Убывающий мир: история «невероятного» в позднем СССР — страница 23 из 43

<…> При той же длительности кипячения лучше поддерживает силы организма пища, которая готовится в плотно закрытой посуде, без потери легкой воды в виде пара, чем пища, неоднократно доливаемая при варке водой, в которой вследствие этого дейтерий концентрируется. <…> Рыбы мигрируют в верховья рек и в северные моря в направлении понижения концентрации дейтерия в воде»[476]. Соответственно, вопрос приобретения здоровья сводился к вопросу устранения дейтерия (этого «биологического тормоза») из потребляемой человеком воды: «Может быть, вода без дейтерия облегчит лечение таких тяжелых загадочных болезней, как рак, заболевания сердечно-сосудистой системы, многие душевные заболевания, болезни обмена веществ?»[477]. Разделение дейтерия и протия, согласно Мухачёву, происходит при образовании и таянии льдов – и советские люди принимаются увлеченно обсуждать эти процессы: «На редакции хлынул шквал читательской корреспонденции. Разговоры о талой и дождевой воде вспыхивали на улице, в вагонах метро и пригородных электричек, в лекционных залах и студенческих аудиториях»[478]. В научно-популярные журналы приходят письма от ипохондриков, требующих разъяснить, действительно ли при многократном кипячении воды в чайнике образуется дейтерий[479], и от энтузиастов, разрабатывающих проекты получения «легкой» протиевой воды «из первых фракций (20 % от первоначального веса) тающего свежевыпавшего снега»[480].
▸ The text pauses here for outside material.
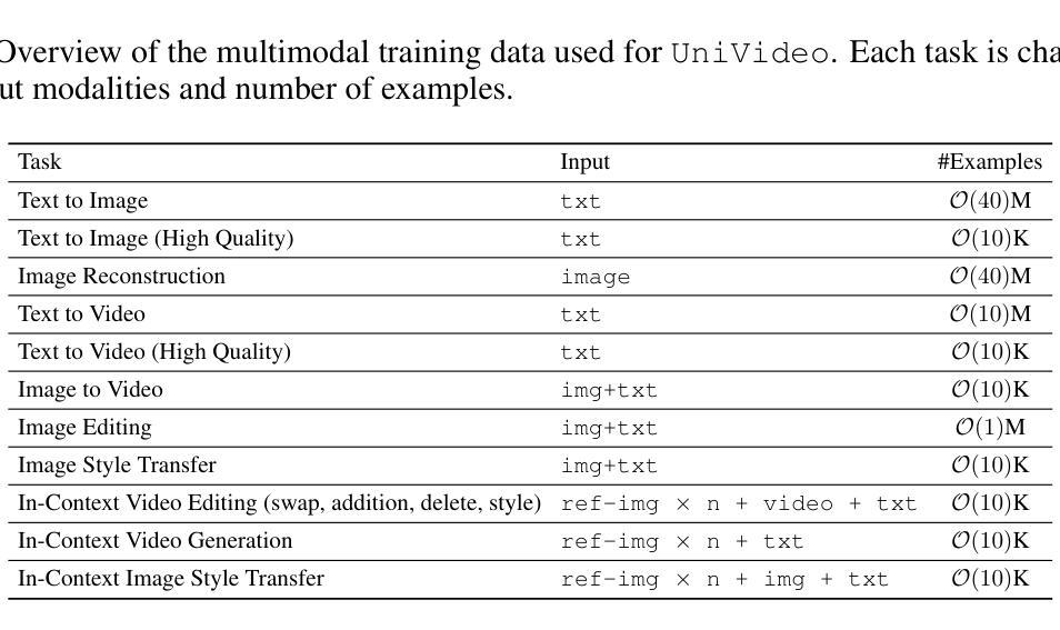 统一多模态模型在多模态内容生成和编辑方面已显示出有前途的结果,但主要局限于图像领域。在这项工作中,我们提出了UniVideo,这是一个通用框架,将统一建模扩展到视频领域。UniVideo采用双流设计,结合用于指令理解的多模态大型语言模型(MLLM)和用于视频生成的多模态DiT(MMDiT)。这种设计能够准确解释复杂的多模态指令,同时保持视觉一致性。基于这种架构,UniVideo将各种视频生成和编辑任务统一在单一的多模态指令范式下,并在这些任务上进行联合训练。大量实验表明,UniVideo在文本/图像到视频生成、上下文视频生成和上下文视频编辑方面达到了或超越了最先进的任务特定基准。值得注意的是,UniVideo的统一设计实现了两种形式的泛化。首先,UniVideo支持任务组合,例如通过单个指令集成多种功能来结合编辑与风格转换。其次,即使在没有针对自由形式视频编辑的明确训练的情况下,UniVideo也能将其编辑能力从大规模图像编辑数据转移到这一环境中,处理未见过的指令,如在视频中抠像或更改材质。除了这些核心能力之外,UniVideo还支持基于视觉提示的视频生成,其中MLLM解释视觉提示并在合成过程中引导MMDiT。为了促进未来的研究,我们将发布我们的模型和代码。

В 1968 году интерес к загадкам воды подстегнут дискуссией об «аномальной» воде, исследуемой группой советских ученых под руководством члена-корреспондента АН СССР Бориса Дерягина[481]. Эта необычная вода образовывалась в узких кварцевых капиллярах, была почти в полтора раза более плотной и в пятнадцать раз более вязкой, чем вода обычная, замерзала при минус шестидесяти градусах по Цельсию, абсолютно не вписывалась в классическую диаграмму состояния и, согласно рабочей гипотезе, представляла собой «своеобразный полимер»[482]. «Аномальную» воду надеялись применять в технике и медицине и предполагали, что именно из нее могут состоять серебристые облака[483], – пока к 1973 году не выяснилось, что причиной необычных свойств такой воды были примеси силикатов[484].

Наконец, крайне многообещающей казалась «омагниченная» вода (т. е. вода, прошедшая обработку магнитными полями), которой занимался специалист по коллоидной химии, доктор наук Вилли Классен. Классен начинал с поиска промышленных применений «омагниченной» воды (уменьшение объемов накипи в котлах, ускорение затвердевания бетона, увеличение прочности литья, улучшение процессов флотации и проч.[485]), но быстро обратился к вопросам биологии и медицины: согласно собираемой информации, использование «омагниченной» воды повышает всхожесть семян и значительно увеличивает урожайность растений; кроме того, «омагниченная» вода имеет бактерицидные свойства («в омагниченной воде погибало более 90 % кишечных палочек»[486]) и помогает лечить мочекаменную болезнь[487]. Все вместе это вселяет в Классена небывалый оптимизм («“Живая” вода! Сколько стремлений и надежд связывали издавна люди с нею – она казалась панацеей от всех бед. В наше время сказочную “живую” воду заменила омагниченная вода»[488]), а вера в целебную силу магнитов перенимается многими советскими людьми, которые будут «омагничивать» питьевую воду в домашних условиях.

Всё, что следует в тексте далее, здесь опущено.